Exercise requirements -
Starting at the line below that contains "You asked for" and ending at the line that contains "Perched on the", retype each line exactly as it stands, but omit the pictures.

Extracted records -
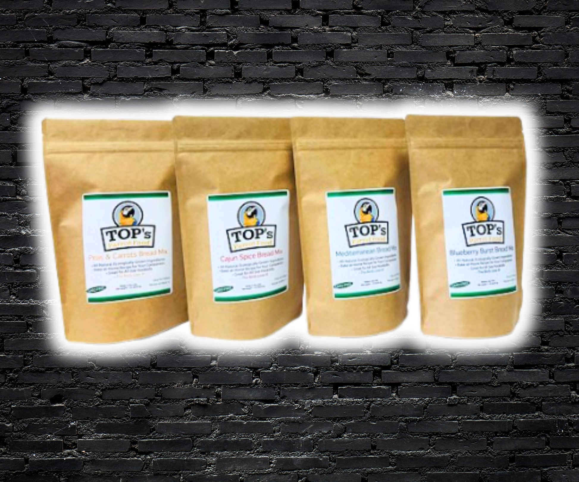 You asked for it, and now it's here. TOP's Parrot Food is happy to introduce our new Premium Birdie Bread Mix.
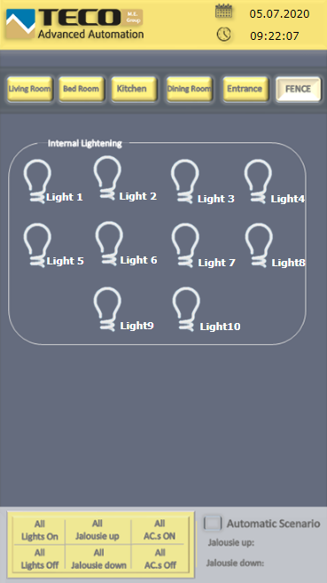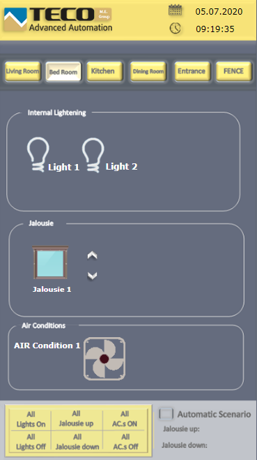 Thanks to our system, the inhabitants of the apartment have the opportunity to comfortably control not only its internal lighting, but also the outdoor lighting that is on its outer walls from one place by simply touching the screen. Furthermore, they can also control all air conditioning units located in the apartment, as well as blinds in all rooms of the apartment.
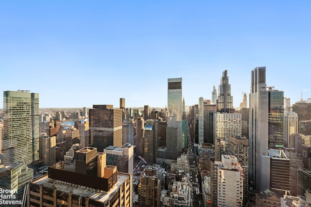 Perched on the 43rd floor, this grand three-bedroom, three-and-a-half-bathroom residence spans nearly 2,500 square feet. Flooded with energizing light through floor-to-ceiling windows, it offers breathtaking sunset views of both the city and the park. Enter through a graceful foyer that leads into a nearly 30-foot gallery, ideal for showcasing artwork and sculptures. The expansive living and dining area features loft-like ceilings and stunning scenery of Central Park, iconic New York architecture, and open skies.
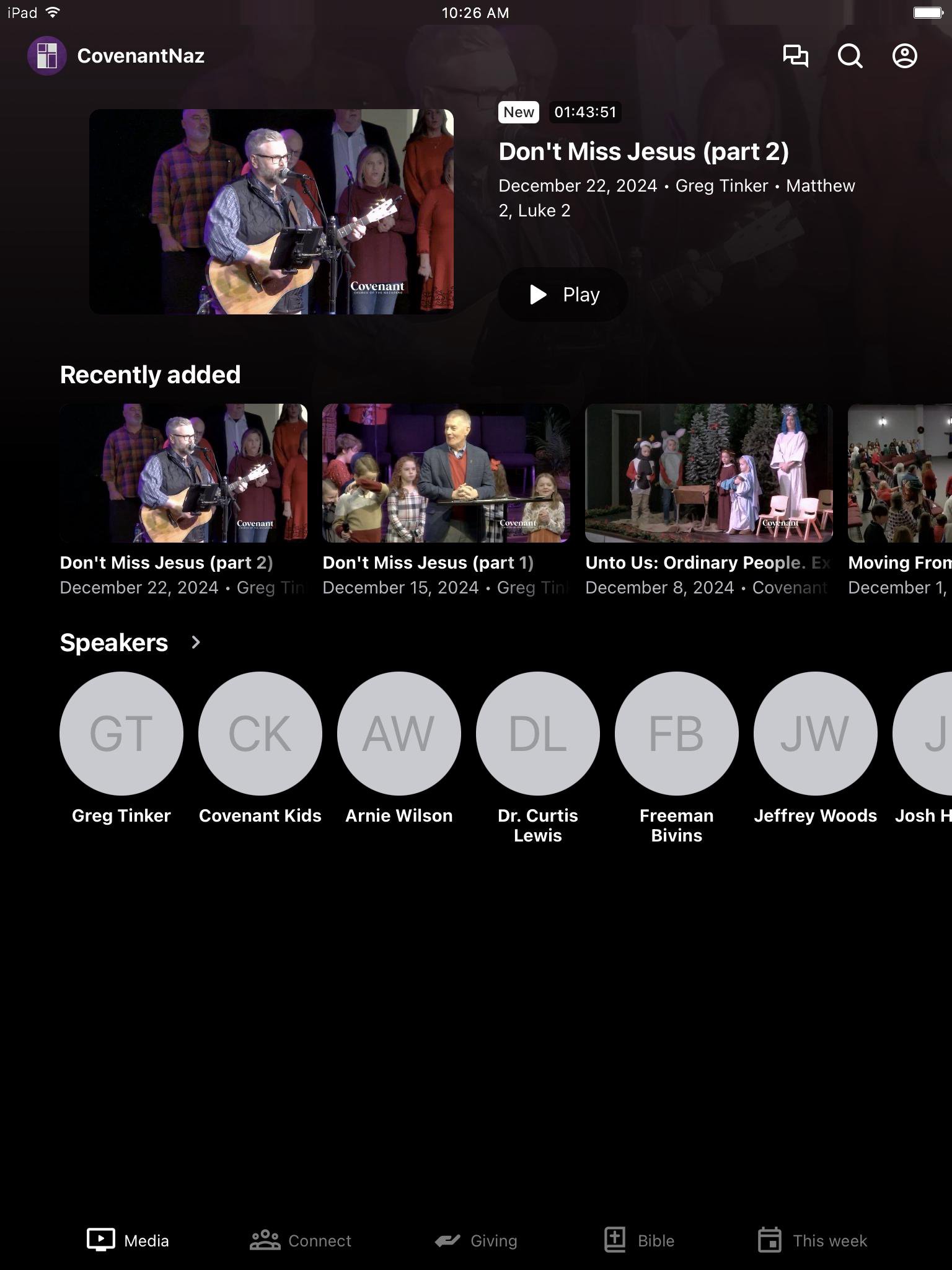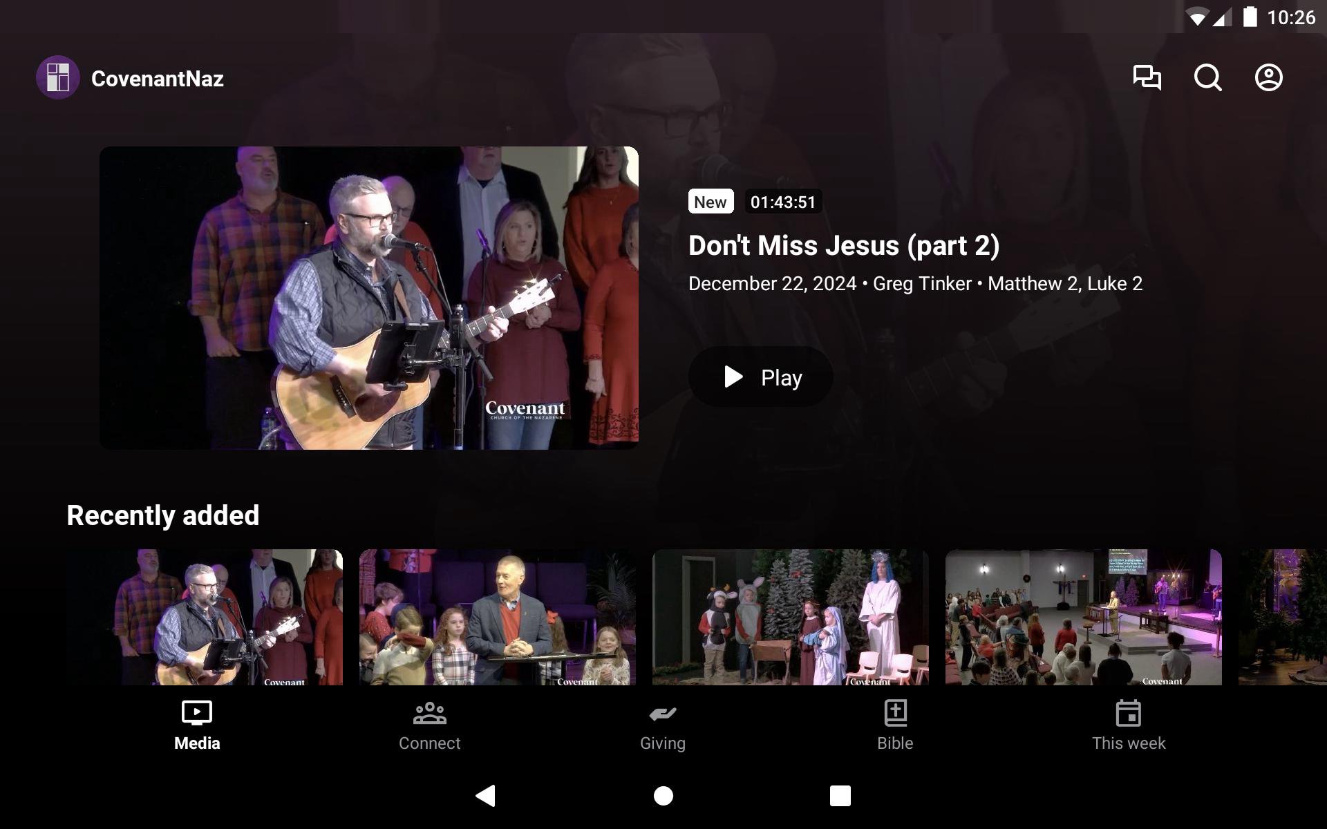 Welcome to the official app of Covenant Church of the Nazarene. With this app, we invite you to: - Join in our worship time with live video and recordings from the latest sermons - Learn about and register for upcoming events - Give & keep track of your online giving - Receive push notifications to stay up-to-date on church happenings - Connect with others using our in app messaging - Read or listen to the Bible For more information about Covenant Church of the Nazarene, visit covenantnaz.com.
---
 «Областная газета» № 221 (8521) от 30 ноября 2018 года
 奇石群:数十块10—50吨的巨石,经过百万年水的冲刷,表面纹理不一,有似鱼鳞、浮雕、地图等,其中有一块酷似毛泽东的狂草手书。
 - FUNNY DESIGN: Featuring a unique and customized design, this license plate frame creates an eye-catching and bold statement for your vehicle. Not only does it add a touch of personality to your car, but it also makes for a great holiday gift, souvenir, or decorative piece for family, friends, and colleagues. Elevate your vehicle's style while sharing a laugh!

Solution to this exercise -
 You asked for it, and now it's here. TOP's Parrot Food is happy to introduce our new Premium Birdie Bread Mix.
 Thanks to our system, the inhabitants of the apartment have the opportunity to comfortably control not only its internal lighting, but also the outdoor lighting that is on its outer walls from one place by simply touching the screen. Furthermore, they can also control all air conditioning units located in the apartment, as well as blinds in all rooms of the apartment.
 Perched on the 43rd floor, this grand three-bedroom, three-and-a-half-bathroom residence spans nearly 2,500 square feet. Flooded with energizing light through floor-to-ceiling windows, it offers breathtaking sunset views of both the city and the park. Enter through a graceful foyer that leads into a nearly 30-foot gallery, ideal for showcasing artwork and sculptures. The expansive living and dining area features loft-like ceilings and stunning scenery of Central Park, iconic New York architecture, and open skies.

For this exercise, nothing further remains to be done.